Got to hang out with him for a while after we all got kicked out, and that was cool.

When we were heading back to the Convention Center from Starbucks, there were two protestors standing out in front heckling a bunch of Congressional candidate volunteers who were waiting in line.

Spent a decent amount of time standing outside watching the back-and-forth, because it was so over-the-top that it was just kind of ridiculous and fun.

While I tweeted about these guys a bunch during the waiting period from my personal account, some of my favorite parts had to be these two sound clips I managed to snag:

Particularly the second one where he offered to be an executioner? Like. Holy shit dude. It was 9:30 a.m. and he was going so hard.

Most of what I had gathered from other reporters at this point suggested that Obama’s visit to Anaheim was very last minute. Almost nobody was prepared for it and even the staff at the event seemed disheveled and caught off-guard. Hell, one guy basically told me it was going to be a shitshow when I asked how the whole thing was going to go down.

I’m theorizing that perhaps one of the reasons for that unexpected nature in this event was to try and mitigate protests. Like yeah two guys managed to show up to yell at everyone about every cliché in the book, but there was clearly no big organized response to Obama’s visit.

That’s all speculation, however.

Eventually I had to leave that fun time so I could go back to the ballroom to get my stuff before the doors opened at 10 a.m.

Now, I’ll admit, I kind of underwent a covert operation at this point. We were told ahead of time that most of the press corp. would be put into overflow rooms across from the main room. In fact, when I had shown up early that morning, I was told I’d be in the overflow as well.

But when I went in to pick up my stuff… I just kind of didn’t leave. All I needed was my cell phone, since I was just live tweeting the event for Boom, so I was able to stand off to the side of the press box with my head down. Nobody ever came and told me to leave.

So I think I wound up sneaking my way into seeing Obama’s speech live.

Take that people who sneak into concerts.

Once everything began I shifted over to Boom’s Twitter account full-time. However, I didn’t have too much to do for a while.

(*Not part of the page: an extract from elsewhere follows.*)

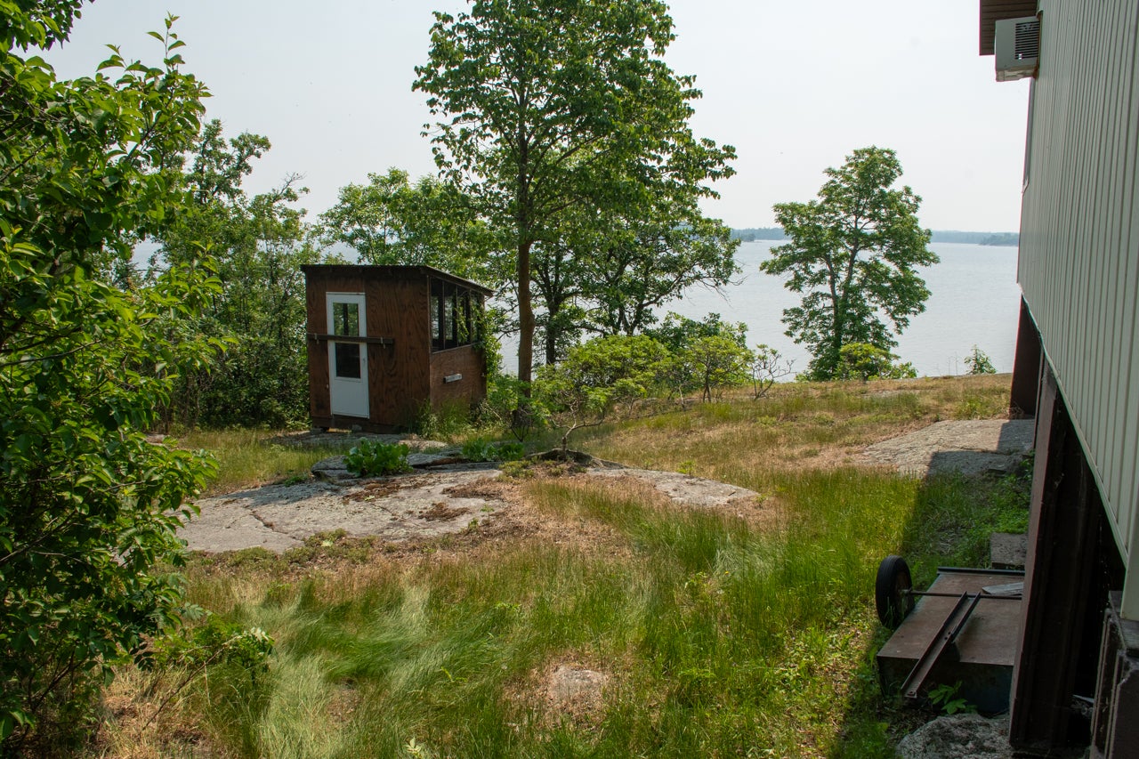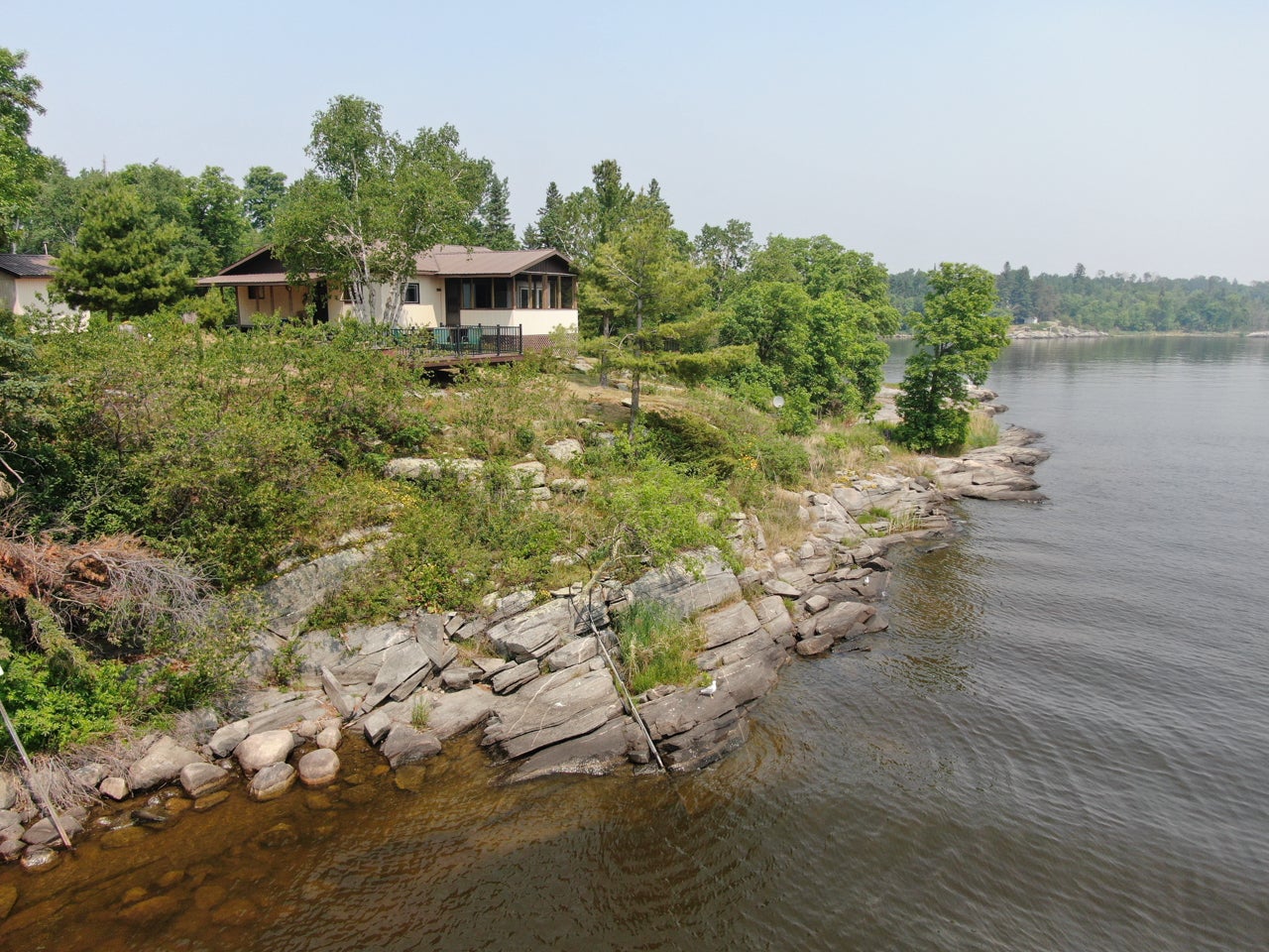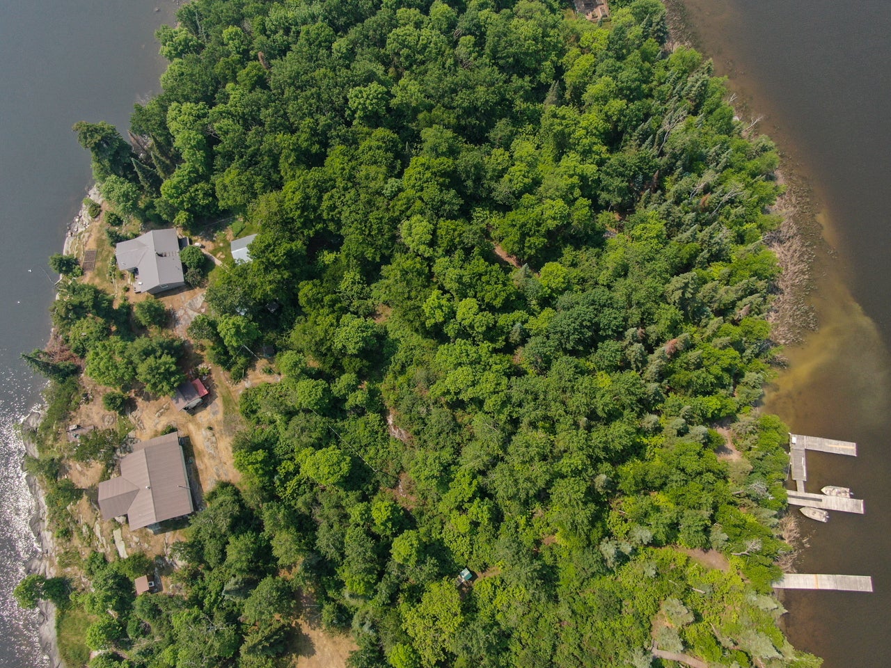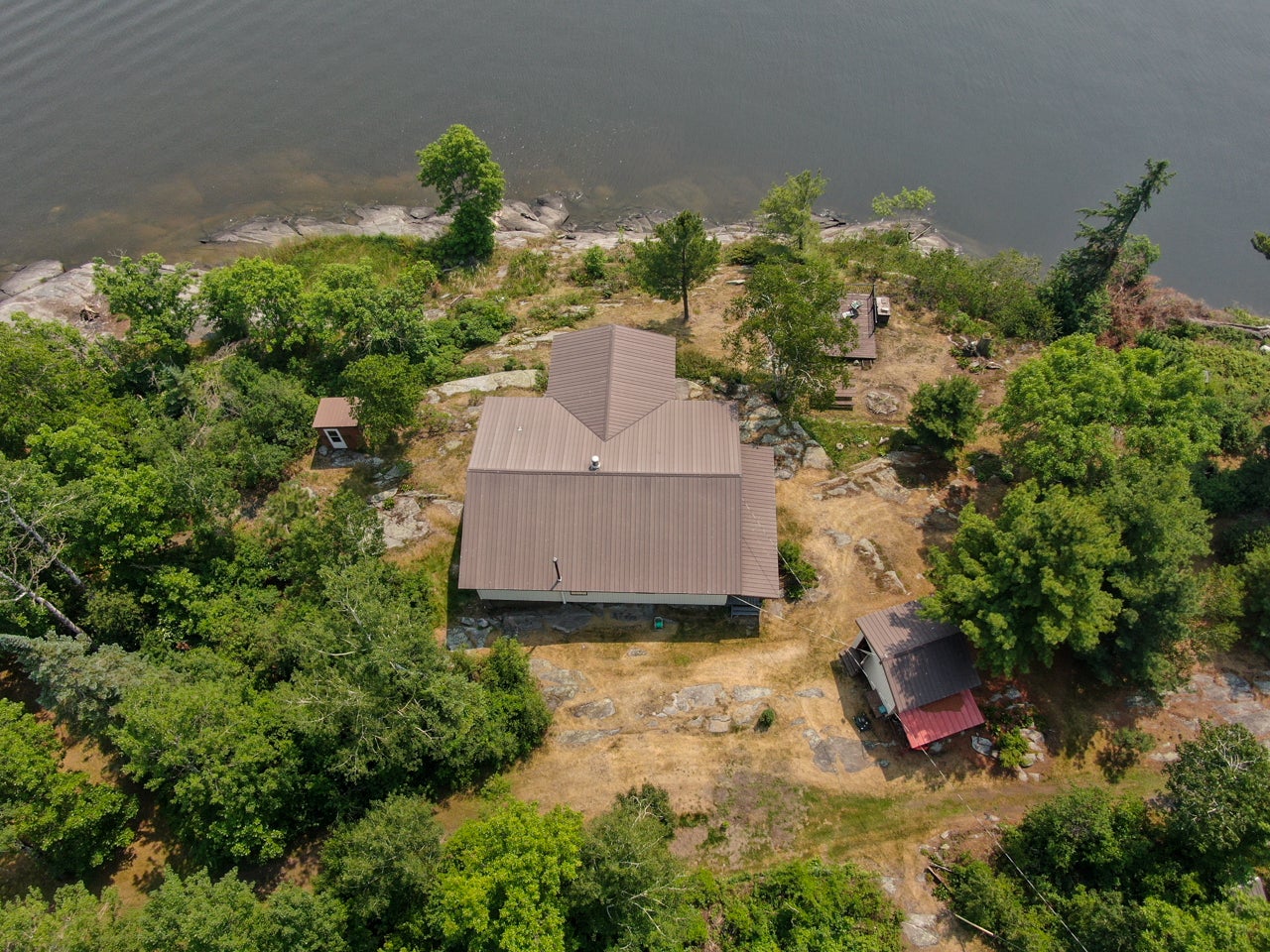 You own the cabin, fish-cleaning building, and storage shed/workshop outright and share a 1/4 interest in four acres of land. There is a shared dock on the north side of the island.

Other than Eric Bauman, the chair of the California Democratic Party, I wasn’t really able to get a good grasp on the individuals who opened the event. Most of them didn’t introduce themselves in any specific detail because it seemed like they were just figures who Democrats would know well walking in. It was clear we were leaning toward a specific kind of audience at this rally.

To be fair, my friends at the Daily Titan had just as much trouble with this part, though they did a better job retroactively figuring out who the speakers were.

Mostly with the help of an email that came out like 10 minutes after everyone was finished telling us who they were.

Have I mentioned that the event seemed put together last-minute?

Anyway, after four-or-five speeches from people pushing for veterans and keeping the Affordable Care Act alive, there was a really long intermission.

Probably an hour’s worth of an intermission. I don’t know if we were just waiting for Obama to actually arrive, or if he was upstairs somewhere letting us marinate, but boy was it a long wait.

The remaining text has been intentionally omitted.